Just in: US string quartet detained at Belgian Customs
mainThe Pro Arte Quartet, based at the University of Wisconsin, were held for several hours by Customs at Brussels Airport over concerns that their instruments contained protected ivory and wood specimens. Despite prior assurances that their instrument passports were recognised in Belgium, assistance had to be called from consular officials and a Belgian cabinet minister in order to release the quartet in time for them to practice for the first concert.
Sarah Schaffer, of the university’s school of music, writes:
Our first afternoon was spent at American Embassy, trying to spring violist Sally Chisholm and cellist Parry Karp (below), who were both detained at the Brussels airport and refused entry into Belgium over the endangered species business about ivory and wood.

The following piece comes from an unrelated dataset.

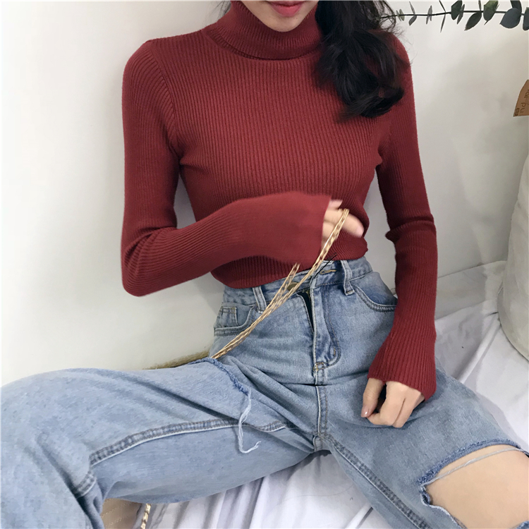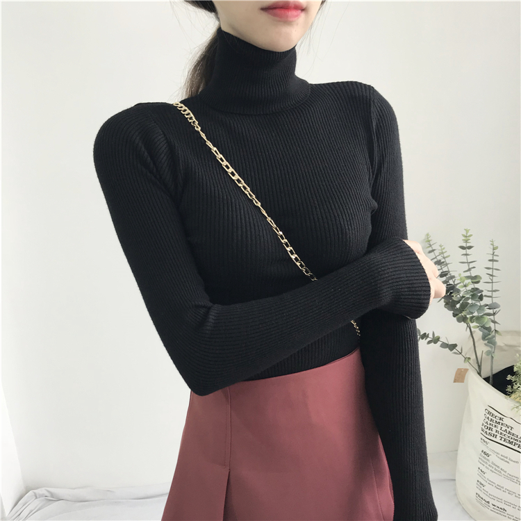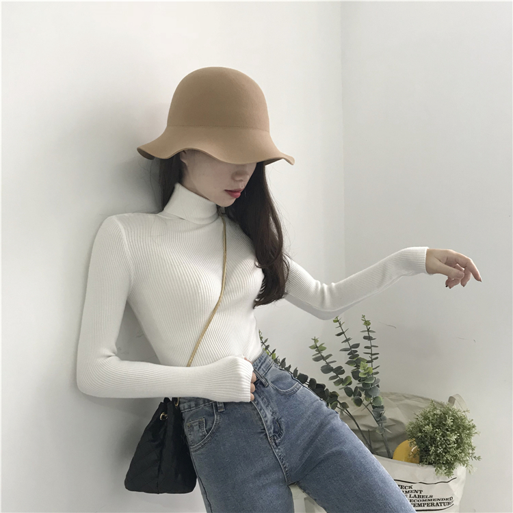 秋冬女裝韓版chic純色修身顯瘦打底衫毛衣高領網紅套頭針織衫上衣

“Oh, boy. Also called on our Belgium friends, who reached the cabinet minister in the agency overseeing CITES (Convention on International Trade in Endangered Species of Wild Flora and Fauna), and between all efforts we got them sprung.
“We’re all here at last, exhausted, a little tattered, but a much better outcome than we feared for many hours today.”
These regulations may have been well-intentioned at the outset but, as in most cases, they balloon into the creation of hordes of overpaid taxpayer-funded bureaucrats with their backsides moulded by leather seat cushions and their pencils jammed between the pages of the statute books, and led by heads of departments and presidents of agencies who have chauffeur-driven cars, tax-free salaries, cast-iron pensions and who fly first class to international conferences held in 5-star hotels.
37 Endangered Elephants were saved in this process.
Referring to customs here: It must be really hard doing your job when you have no idea how to do your job properly, right?